── Entries shown
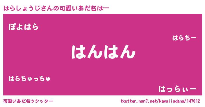 | 恥ずかしいあだ名 | 『プリティーはらしょうじ』『はらっちょ』 |
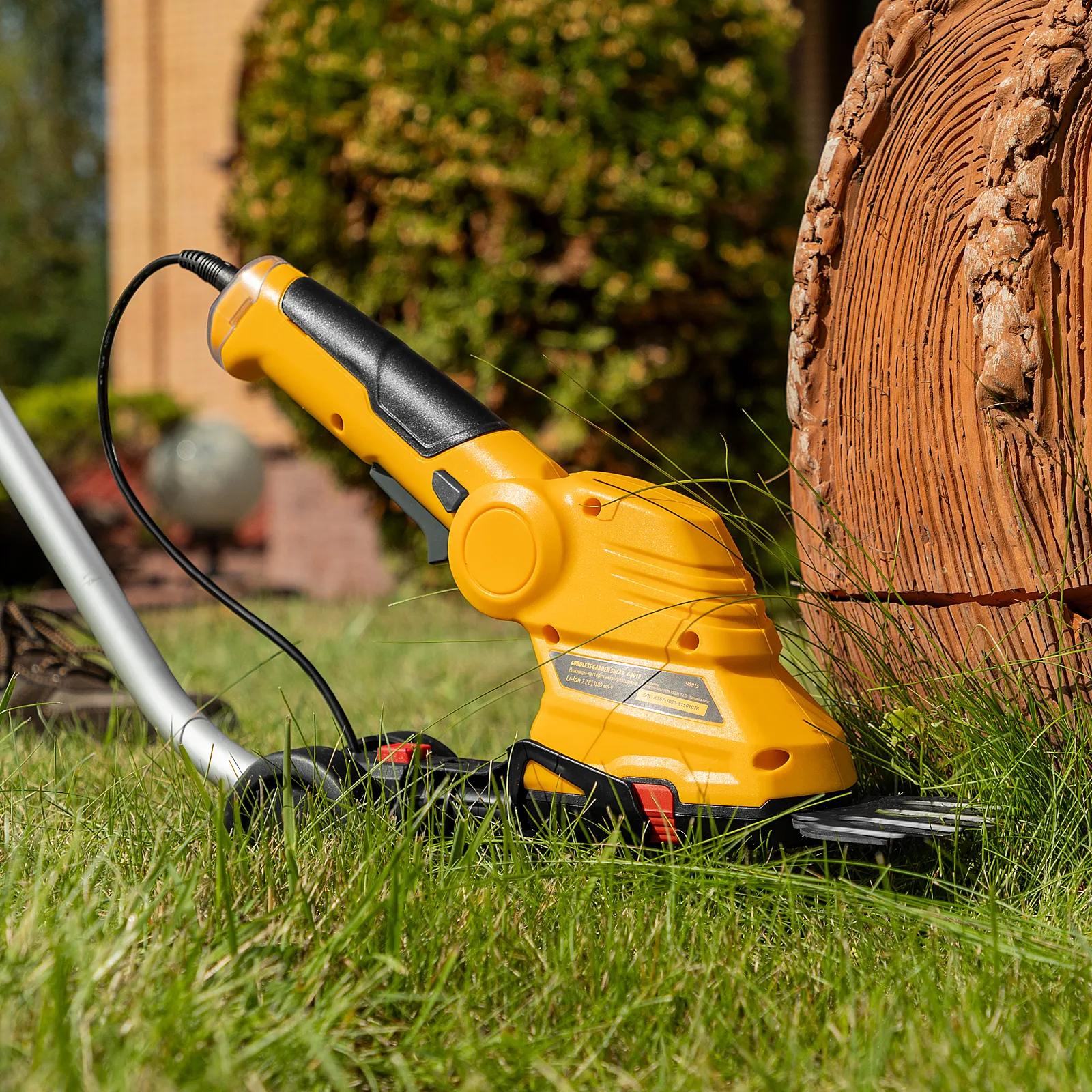 <virtues>Телескопическая ручка, малый вес, продолжительное время работы от зарядки</virtues><limitations>Нет</limitations><comment>Давно женская половина просила приобрести на дачу подобный девайс. Все что смотрел представляло из себя обычные небольшие ножницы с функцией сучкореза. При их использовании все равно приходилось бы наклоняться или сидеть на пятой точке, что мало чем отличалось от работы обычными ножницами по траве. Но когда случайно увидел данные ножницы по такой цене и самое главное с длинной ручкой, купил незамедлительно. На даче мужская половина использует бензиновый и электрический триммера, женская – аккумуляторный триммер. Но данным инструментом не всегда можно добраться до труднодоступных мест, можно испортить, например пластиковый заборчик или случайно скосить красивый цветок. Поэтому для окончательной, так сказать финишной обработки участка приобретение данных ножниц было необходимостью. Поставляется комплект в обычно картонной коробке. Внутри которой находится кроме самих ножниц, две насадки – для травы и обрезки кустов, длинная ручка, колесики и зарядное устройство. Собрать в рабочее состояние данный набор труда не составляет. Устанавливаются колеса, держатель защелкивается к ножницам. И все вместе крепится к телескопической ручке, которую посредством кнопки можно отсоединить и пользоваться ножницами так сказать в ручном режиме на коленках. Для управления ножницами непосредственно с ручки нужно подключить кабель. Сама телескопическая ручка удобная, имеет возможность пусть и ограниченной, но регулировки по высоте. Женщинам ростом примерно 165 см ручка удобна, для моих 178 немного все же коротковата, но даже такая ручка позволяет меньше нагибаться и впоследствии болеть спине. Обе насадки идущие в комплекте смазаны с завода маслом и имеют защитные кожухи для транспортировки и хранения. После работы я думаю будет не лишним их смазать дополнительно для хранения. Замена насадок происходит достаточно легко, отстегиваются они путем нажатия двух красных фиксирующих кнопок. Сначала были сомнения по поводу установленного встроенного аккумулятора. Имея парк инструмента на 18В, обнаружив в данных ножницах аккумулятор на 7.2В был немного расстроен. Но по прошествии работы этим инструментом, могу сказать, что заряда аккумулятора хватает примерно на 40-45 минут работы, что вполне достаточно для приведения в порядок сада. Зарядка осуществляется через гнездо с достаточно интересным разъемом, зарядка длится около 3 часов. На контакте имеется грязезащитный колпачок. Процесс зарядки обозначается красным индикатором. Немного коротковат питающий кабель, если бы был чуть длиннее, удобнее стало бы пользоваться при подключении к розетке. Я остался очень доволен покупкой данных ножниц. Небольшой вес, отличная штанга, достаточное время работы на заряде, все это намного упростило и облегчило работы по поддержания порядка и красоты на даче. Данные ножницы будут отличным приобретением для женщин, они смогут красиво постричь траву вокруг цветников или декоративных заборчиков. Отлично поможет для наведения порядка у забора и фундамента, вокруг декоративных построек на поляне. Читать полностью</comment>
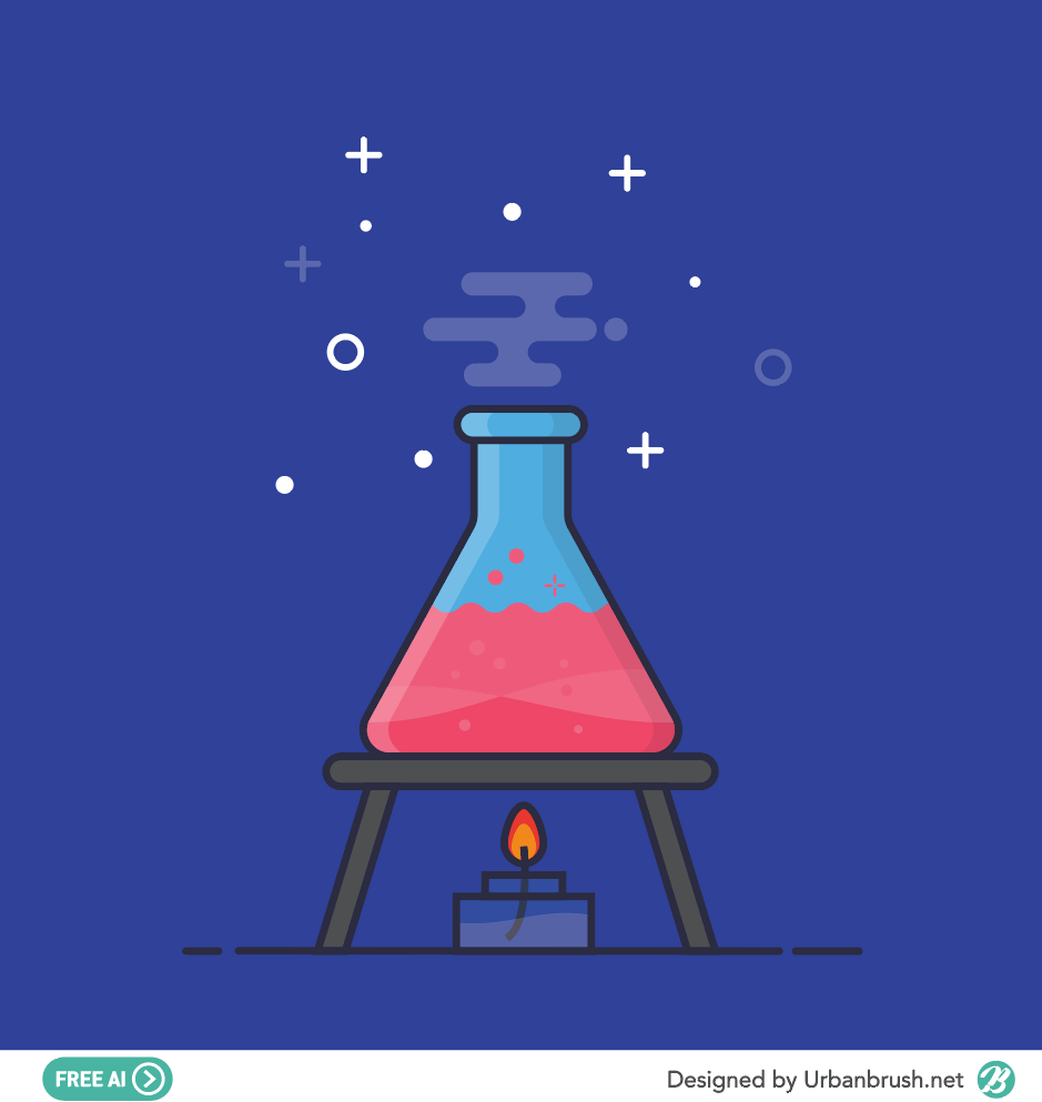 Hi. Urban Brush’s Master Creator Tommy. The image below is a sample of the chemical experiment illustration ai file. This is an illustration image depicting a scene where a flask glass bottle is heated to boil a chemical liquid. The flask beaker is placed on the pedestal and there is a flame beneath it. We have described bubbles and smoke to express the state of being heated. Download chemical experiment illustration vector file and apply it to science related design.
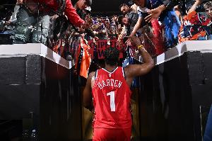 首节比赛,哈登状态上佳,4投3中,三分3中3,罚球5中5,爆砍14分,另有4板2助,正负值+24!
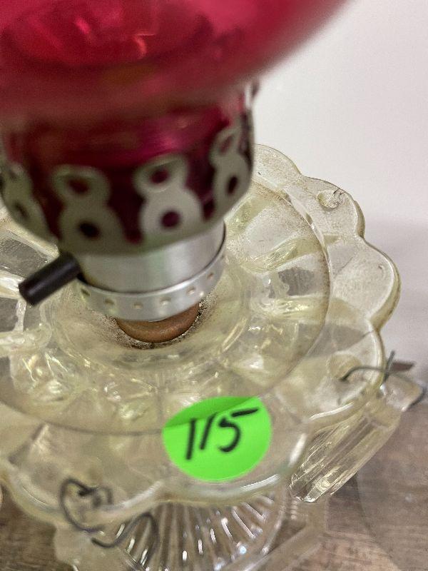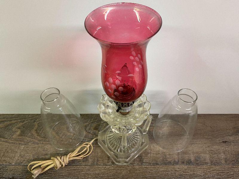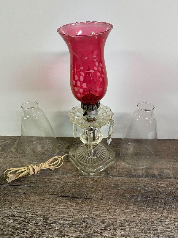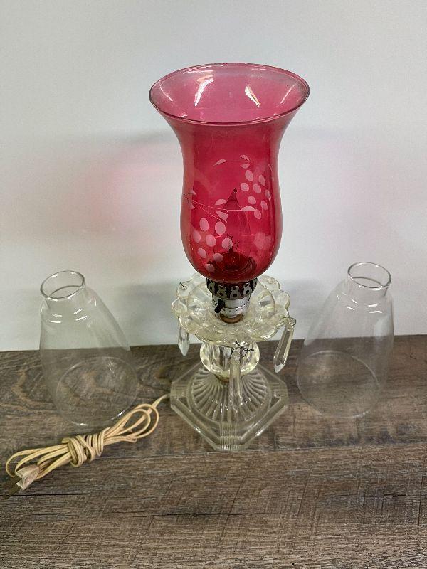 Cranberry color glass hurricanes lamp with crystals. Please see all pictures for condition and measurements if taken. All items are sold as found and if furniture, you will need to be able to move yourself. Thank you for looking and have fun bidding! As always, thank you for being a Treasure Me Hunter!
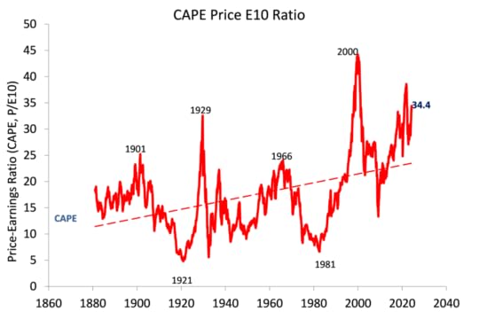 It shows a value well above the trend average measure of stock price to earnings, surpassing the 1929 level with only 2000 being higher, just before the dot.com bust when the great hopes of the internet revolution eventually did not deliver sufficiently higher real earnings and the tech bubble burst.
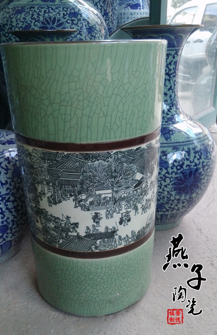 超值 景德镇陶瓷 纹片清明上河图书画筒 卷轴缸 字画筒装饰大花瓶热门设计联盟服务商
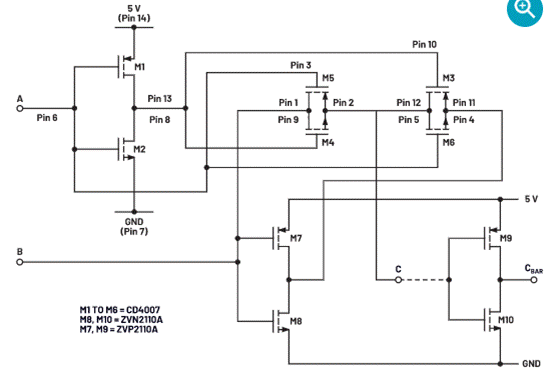 電路中有兩個邏輯輸入A和B。同相XOR輸出位于節(jié)點C,而該輸出的反相位于節(jié)點CBAR以形成XNOR函數(shù)。
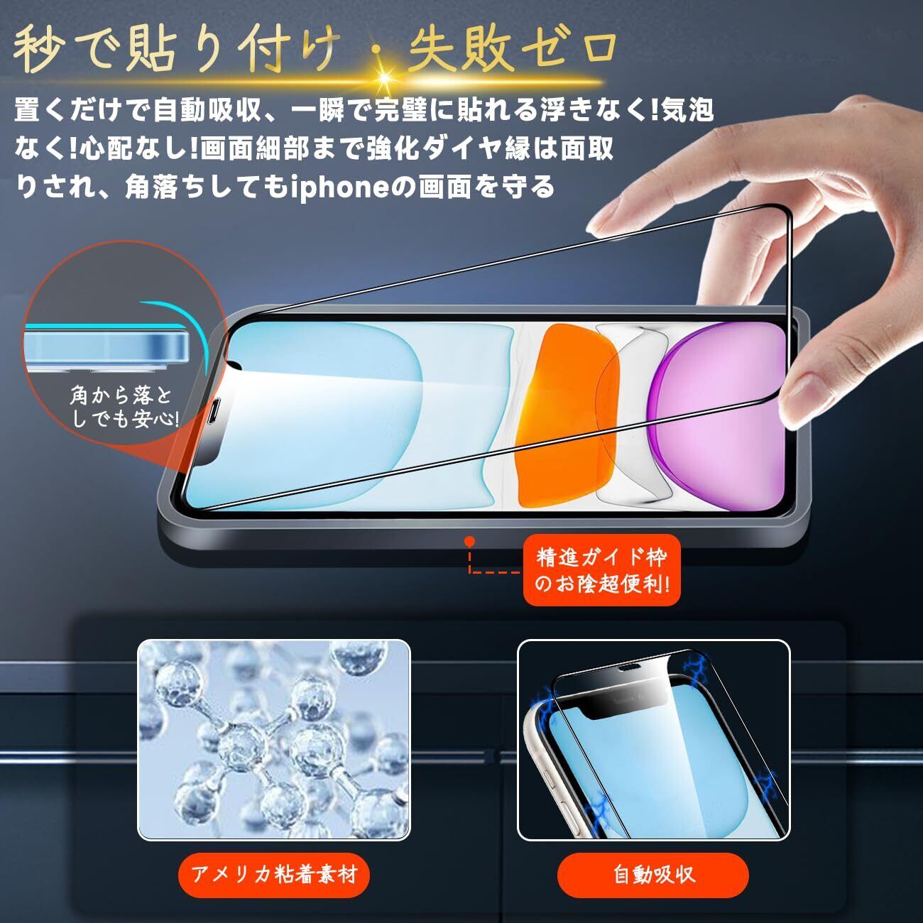 【専用設計·簡単に貼り付け】 本製品 Apple iPhone 11 / iPhone XR アイホン11 あいほん XR 6.1インチ 専用液晶画面保護ガラスフィルムです。本商品は厳選した素材を採用して作られており、フィルムのシリコン自己吸着層があるので、スチールフィルムを携帯電話に合わせて軽く置くだけで、気泡が入らないように簡単に取り付けられます。(ポイント:フロントカメラのカメラ穴についてですが、ほこり・異物などの堆積を防止するため、ガラスフィルムにカメラ穴を開けていません。Seninhiのガラスフィルム 、透過率は99.9%なので、フロントカメラの正常使用に全く影響がありません。)*機種によってサイズが異なりますので、ご購入の場合に機種をよく確認してください。
────
What you will do -
All lines between the one that contains "電路中有兩個邏輯輸入A和B。" and the end of the records above, both included, are to be returned exactly as they stand, except for pictures, which are omitted.

The completed task -
 電路中有兩個邏輯輸入A和B。同相XOR輸出位于節(jié)點C,而該輸出的反相位于節(jié)點CBAR以形成XNOR函數(shù)。
 【専用設計·簡単に貼り付け】 本製品 Apple iPhone 11 / iPhone XR アイホン11 あいほん XR 6.1インチ 専用液晶画面保護ガラスフィルムです。本商品は厳選した素材を採用して作られており、フィルムのシリコン自己吸着層があるので、スチールフィルムを携帯電話に合わせて軽く置くだけで、気泡が入らないように簡単に取り付けられます。(ポイント:フロントカメラのカメラ穴についてですが、ほこり・異物などの堆積を防止するため、ガラスフィルムにカメラ穴を開けていません。Seninhiのガラスフィルム 、透過率は99.9%なので、フロントカメラの正常使用に全く影響がありません。)*機種によってサイズが異なりますので、ご購入の場合に機種をよく確認してください。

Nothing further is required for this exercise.